Bolsonaro nem sabe o que faz a Ancine
“Não posso admitir que, com dinheiro público, se façam filmes como o da Bruna Surfistinha. Não dá.”
Não foi a primeira vez que Jair Bolsonaro disparou uma opinião descabida e desinformada. Mesmo assim, a fala do presidente durante o evento que comemorou os 200 primeiros dias de sua gestão, realizado nesta quinta (18) em Brasília, surpreendeu a plateia e abalou a indústria brasileira do entretenimento.
“Bruna Surfistinha” não chega a ser um filme erótico, muito menos pornográfico. Sim, tem nudez (parcial) e algumas cenas de sexo –mas quem for assisti-lo para se excitar vai acabar brochando. O drama da jovem Raquel (Deborah Secco), que se torna prostituta depois de se sentir rejeitada pela família e pelos colegas de escola, é mais pungente do que qualquer trepada.
Lançado em 2011, o longa de Marcos Baldini é inspirado nas memórias da ex-prostituta Raquel Pacheco. O livro se tornou um best-seller, e seus direitos para a tela foram disputados por várias produtoras.
Uma disputa justificada. “Bruna Surfistinha” levou mais de dois milhões de espectadores aos cinemas – o dobro do número necessário para que um filme nacional seja considerado um grande sucesso. A história depois foi adaptada para uma série de TV, que já está indo para a quarta temporada.
Mas esses dados impressionantes não interessam a Jair Bolsonaro. Duvido até mesmo que ele tenha visto o filme – deve ter sido o primeiro título que lhe veio à cabeça, ajudado pelo recall da marca.
O que o presidente quer, mais uma vez, é acenar a seus eleitores mais conservadores e religiosos. Mas, ao dizer que o dinheiro público não pode financiar obras como “Bruna Surfistinha”, ele demonstra não ter entendido o que é nem para que serve a Ancine.
A Agência Nacional do Cinema foi criada em 2001, no vácuo da extinta Embrafilme. Não é, como Bolsonaro parece crer, uma empresa estatal destinada a produzir filmes que enalteçam os valores pátrios. É uma entidade voltada a fomentar um braço da economia: a indústria cinematográfica brasileira.
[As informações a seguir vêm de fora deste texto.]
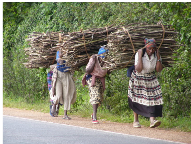
Pour couronner le tout, les pays et les communautés les plus pauvres, qui n'ont rien fait ou presque pour provoquer le changement climatique, sont les plus durement touchés par ses effets dévastateurs.

des émissions de GES, est le plus grand émetteur mondial, mais elle n'occupe que la 47 e place en termes d'émissions par habitant. La Chine est également l'un des plus grands investisseurs mondiaux dans les énergies renouvelables, et prévoit de produire 35 % de son électricité à partir de sources renouvelables d'ici 2030. Ce sont les Etats-Unis (328 millions d'habitants), deuxième pollueur mondial, qui ont les émissions par habitant les plus élevées au monde, et de loin. Ensemble, les quatre principaux émetteurs (Chine, Etats-Unis, UE plus Royaume-Uni et Inde) ont produit 55 % de l'ensemble des émissions de GES au cours de la dernière décennie.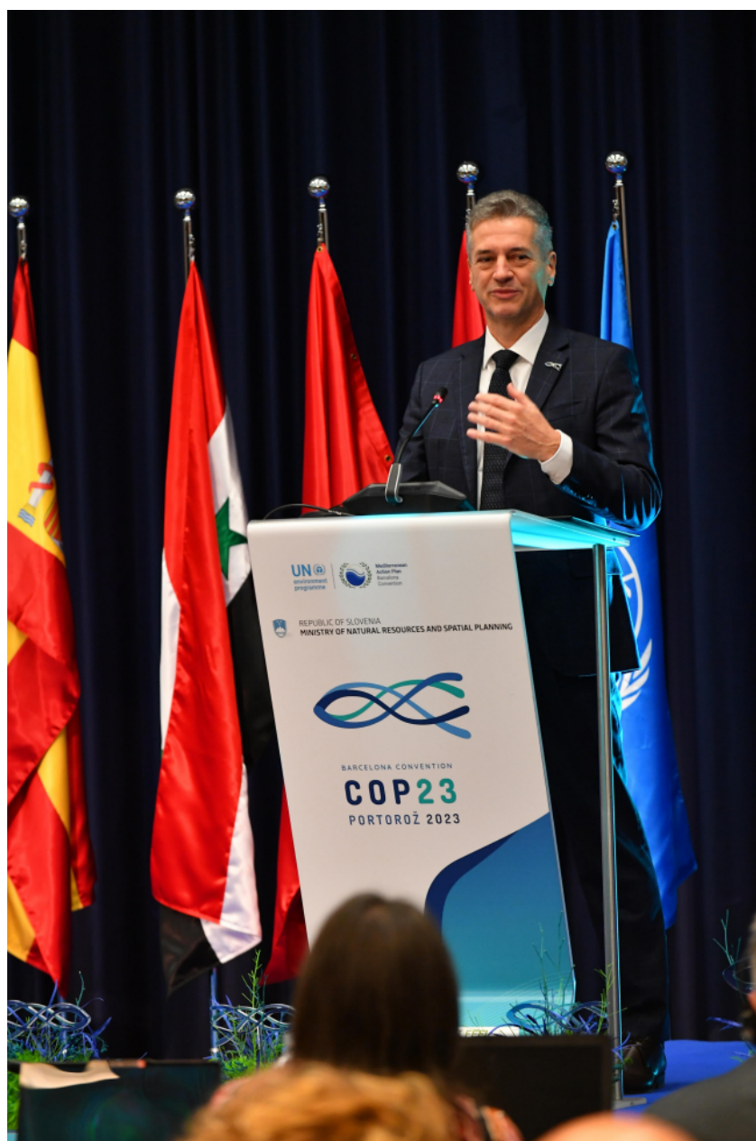
Photo 1 : Intervention de Monsieur le Premier ministre slovène Robert GOLOB

Inúmeras atividades econômicas recebem incentivos estatais, na indústria e na agricultura. O objetivo é criar empregos, fortalecer a produção nacional frente à concorrência estrangeira e até aumentar a arrecadação de impostos.
Mas a extrema-direita elegeu a cultura como sua arqui-inimiga (e com razão, diga-se de passagem). Há anos que uma campanha informal nas redes sociais vem pintando os artistas e intelectuais como parasitas, que mamam nas tetas do Estado e só produzem irrelevâncias e obscenidades.
A verdade é bem outra. Produzir cultura não é simples em nenhum país do mundo, mesmo nos mais avançados. É por isto que existem agências fomentadoras de atividades culturais na França, na Itália, na Alemanha e até mesmo nos Estados Unidos, a meca do presidente.
Bolsonaro quer atrelar a Ancine à Casa Civil, o núcleo duro do governo, provavelmente para se intrometer no processo de seleção dos projetos. Quer ele mesmo praticar o “ativismo” de que tanto acusa com quem não comunga.
Muito mais acertada seria a transferência da Ancine e do Fundo Setorial para o ministério da Economia, como defende a classe cinematográfica e como já estava previsto na medida provisória que criou a agência.
Porque o negócio do audiovisual é coisa séria. Milhões de famílias brasileiras dependem dele. Filmes e programas de TV geram renda, trabalho e até o famoso “soft power” –o poder de influenciar corações e mentes, não-bélico, de que desfruta um país culturalmente forte.
Pelo jeito, não vamos chegar lá tão cedo.